Items from a dataset:
------------

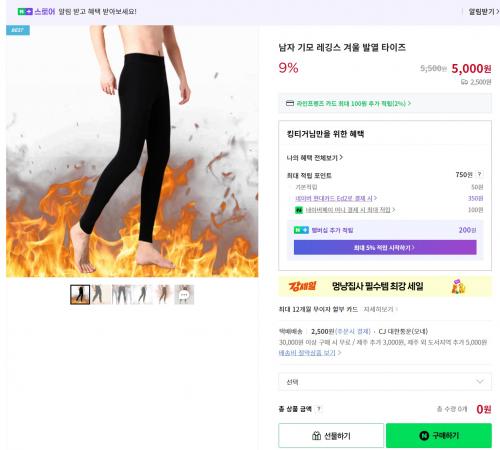 남자 기모 레깅스 겨울 발열 타이즈
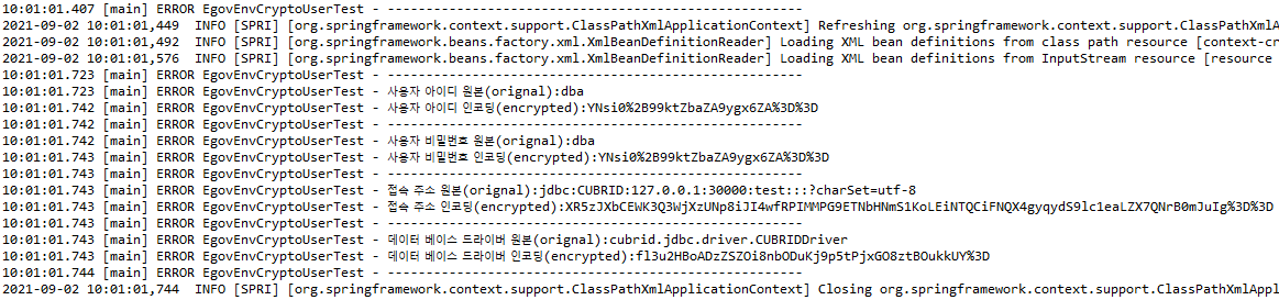 LOGGER.error(label+" 인코딩(encrypted):" + cryptoService.encrypt(arrCryptoString[i]));
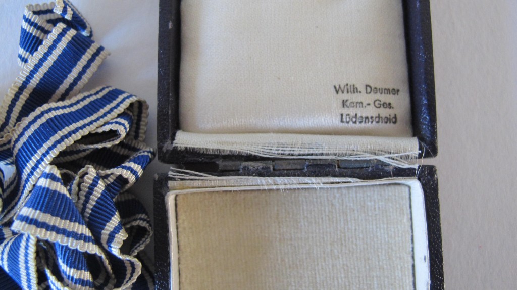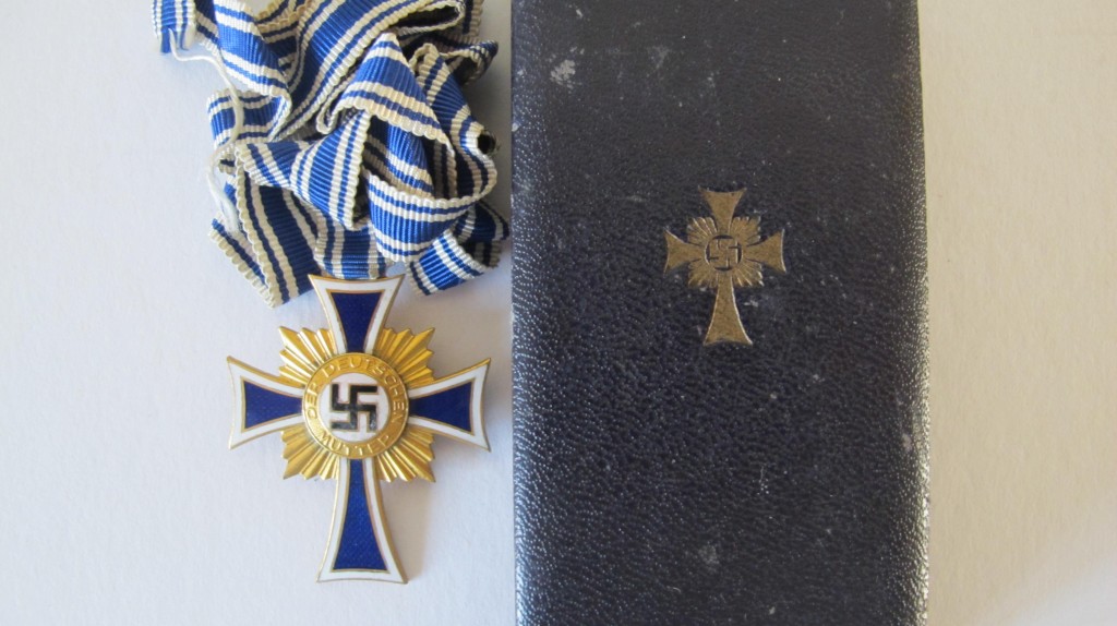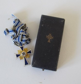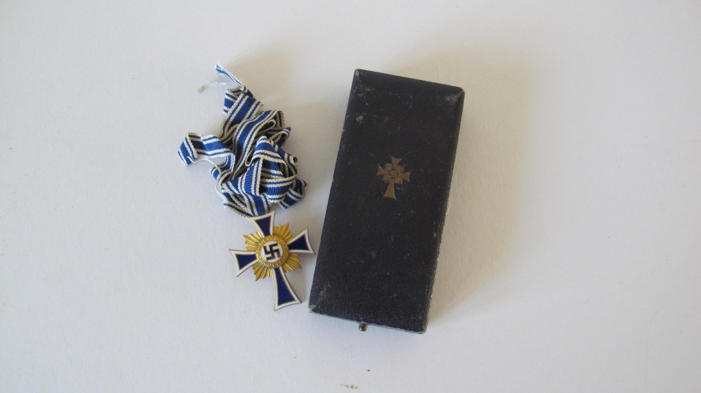 Good grade Order of the German Mothers Cross. Complete with full length neck ribbon and contained in original leatherette presentation case by Deumer. A nice example of this award instituted by Hitler for German mothers bearing children for the Reich.
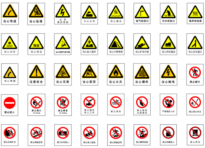 安全標識主要為警示類標志標語,主要作用為目視化警示管理
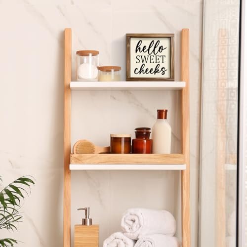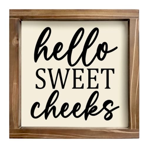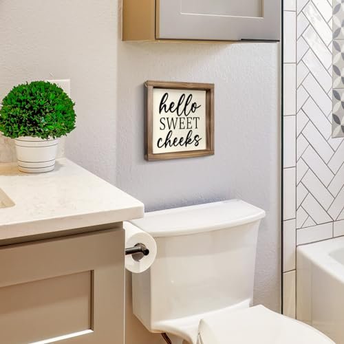Rustic Farmhouse Bathroom Decor – Adorable ‘Hello Sweet Cheeks’ Wooden Sign, Humorous Wall Plaque for Restroom & Toilet Shelves, Perfect for Home or Apartment Under $70
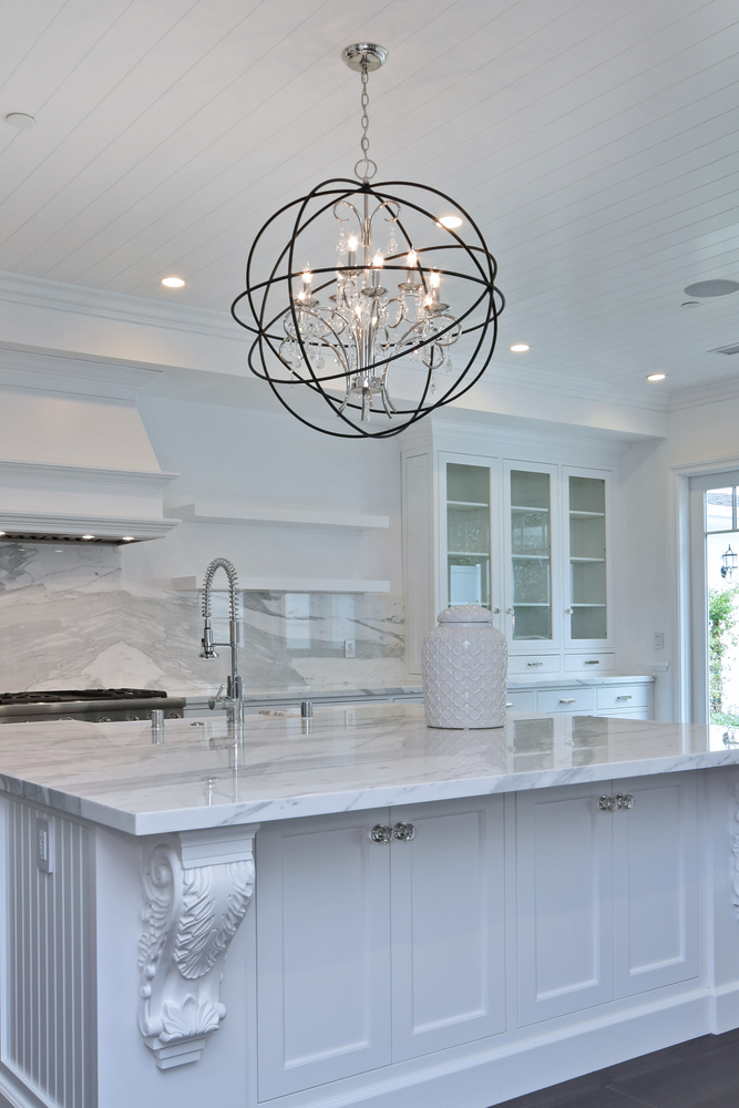 A spherical frame of metal surround a simple line chandelier draped in crystal for a transitional style that fits any interior design. Orbit is available in 2 sizes and 2 finishes, Oil Rubbed Bronze with Cognac crystal and a combo finish of Anthracite and
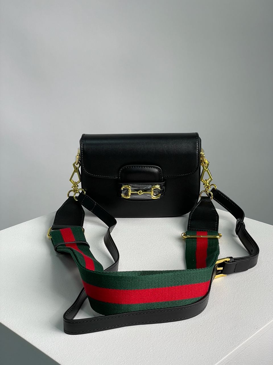 Розмір 20.5х15х5смСумка виготовлена з гладкої шкіри.Всередині одне відділення, додаткової кишені немає.Підкладка у сумки з щільного та якісного текстилю, світла.Основний ремінець з шкіри, вузький, має невеличкий діапазон регулювання.Також є додатковий ремінець з щільного зелено-червоного текстилю, регулюється.Фурнітура металева, брендована.Комплектується в захисній транспортній коробці а також у фірмовій зеленій коробці на магнітах, пильовику, також є хустинка та стрічка для подарункового пакування.
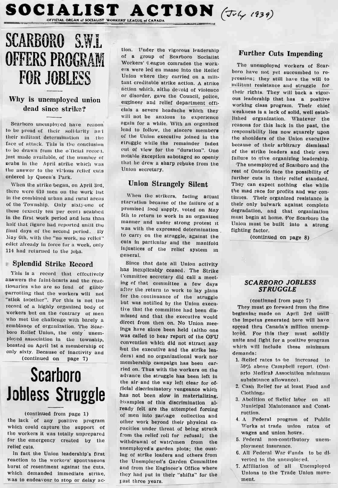 | 1939-05May-1ab | 2000 Relief workers stand firm against cuts (Toronto area SWL militants give lead); Scarboro strike |
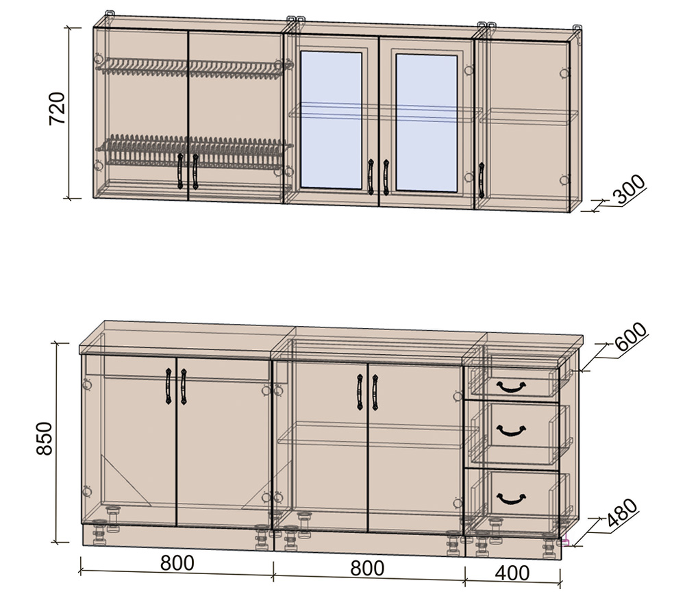 Кухня «Лира-Лайт» 1,3 крем-капучино
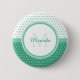 Donnez à votre style personnel un look girly contemporain avec ce bouton vert et blanc tendance avec un motif de pois en cercle mod. N'importe quelle fille moderne aimerait avoir son nom et monogramme initial personnalisé sur ce design preppy et moderne.
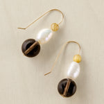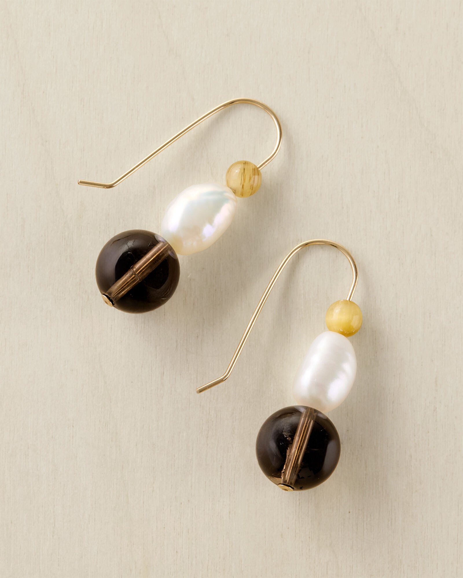 Layered and intentional, the Slate & Pearl Earrings bring together earthy depth and soft luminosity. A trio of thoughtfully chosen elements—smoky quartz, freshwater baroque pearl, and golden tiger’s eye—suspend from 14k gold-filled ear wires in a clean vertical line. The result is a quiet contrast of tone and texture that feels both grounded and elevated.
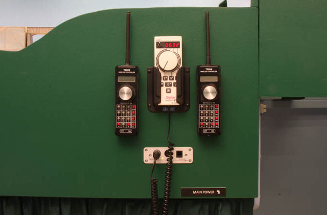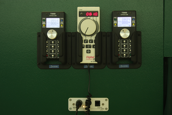 The previous photograph shows the fascia plate and throttle pockets at the north end of the yard; this photograph shows a similar installation at the south end of the yard. The fascia plates provide inputs for the throttles and a status light for the command bus.
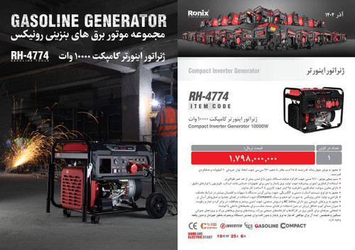 ژنراتور بنزینی رونیکس مدل RH4774 ظرفیت ۱۰ کیلووات تک فاز اینورتر
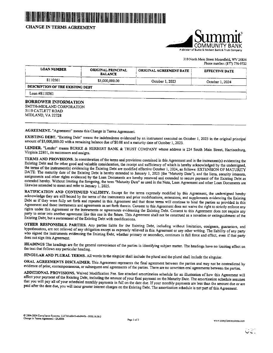 EX-10.1 2 smid_ex101.htm COMMERCIAL LINE OF CREDIT smid_ex101.htm
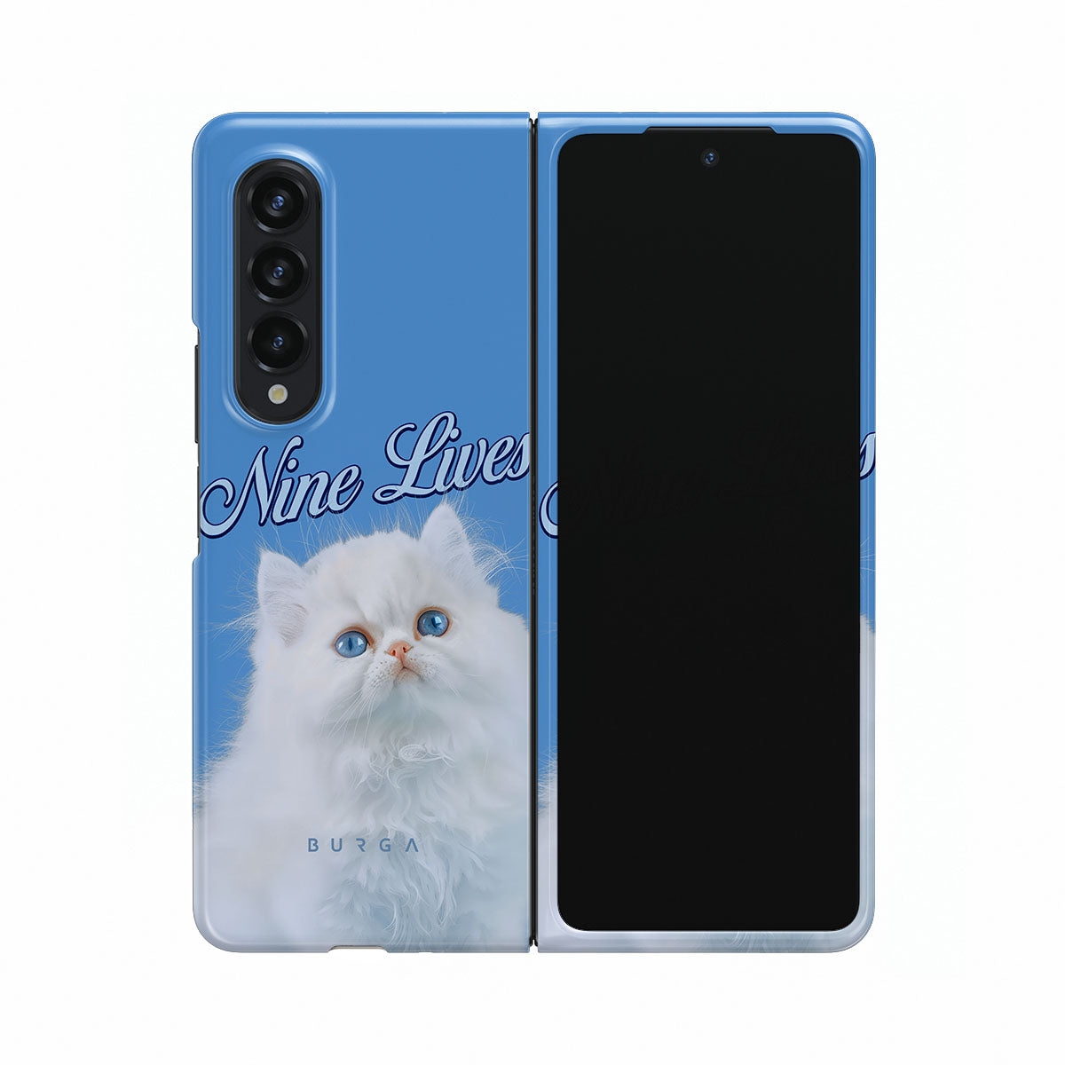 Channel your inner diva with our Nine Lives Samsung Galaxy Z Fold 3 phone case. It's luxe, plush, and purr-fectly fabulous, with just enough fluff to show you mean business.
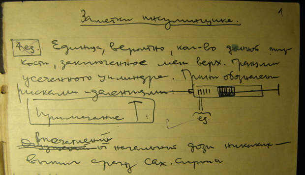 Дневник короткий – 17 желтоватых (от времени) вразброс листочков из тетради в крупную линейку заполнены только с одной стороны. Тетради скорее общей, а не школьной – ибо нет полей. Листки не слишком мятые, но видно, что их сгибали все сразу. Листки – каждый – пронумерованы цифрами в правом верхнем углу. Записи сделаны шариковыми ручками: чёрной, красной, зелёной и даже карандашом. Видно, что листки вырваны. Кое-где какие-то пятна, текст и без того не с идеальной каллиграфией в конце вообще разбегается по бумаге. Впрочем, сие понятно. Автор скрупулёзно записывал своё состояние после каждой процедуры с введением ему в организм инсулина. А состояние менялось от величины «дозы» И делал он записи, вероятнее всего, конспиративно. Как мог. И как получалось. Запись ведётся не по дням календаря – так что время года курса «лечения» не установить – а по дозам из шприца в «единицах» наполненности этого самого шприца. После уколов ему давали пить сахарный сироп… вводили глюкозу…

------------

**Task directions**
Repeat the exact lines from the first line of the data through the line containing "Rustic Farmhouse Bathroom". Nothing else, no pictures.

**Task output**
 남자 기모 레깅스 겨울 발열 타이즈
 LOGGER.error(label+" 인코딩(encrypted):" + cryptoService.encrypt(arrCryptoString[i]));
 Good grade Order of the German Mothers Cross. Complete with full length neck ribbon and contained in original leatherette presentation case by Deumer. A nice example of this award instituted by Hitler for German mothers bearing children for the Reich.
 安全標識主要為警示類標志標語,主要作用為目視化警示管理
Rustic Farmhouse Bathroom Decor – Adorable ‘Hello Sweet Cheeks’ Wooden Sign, Humorous Wall Plaque for Restroom & Toilet Shelves, Perfect for Home or Apartment Under $70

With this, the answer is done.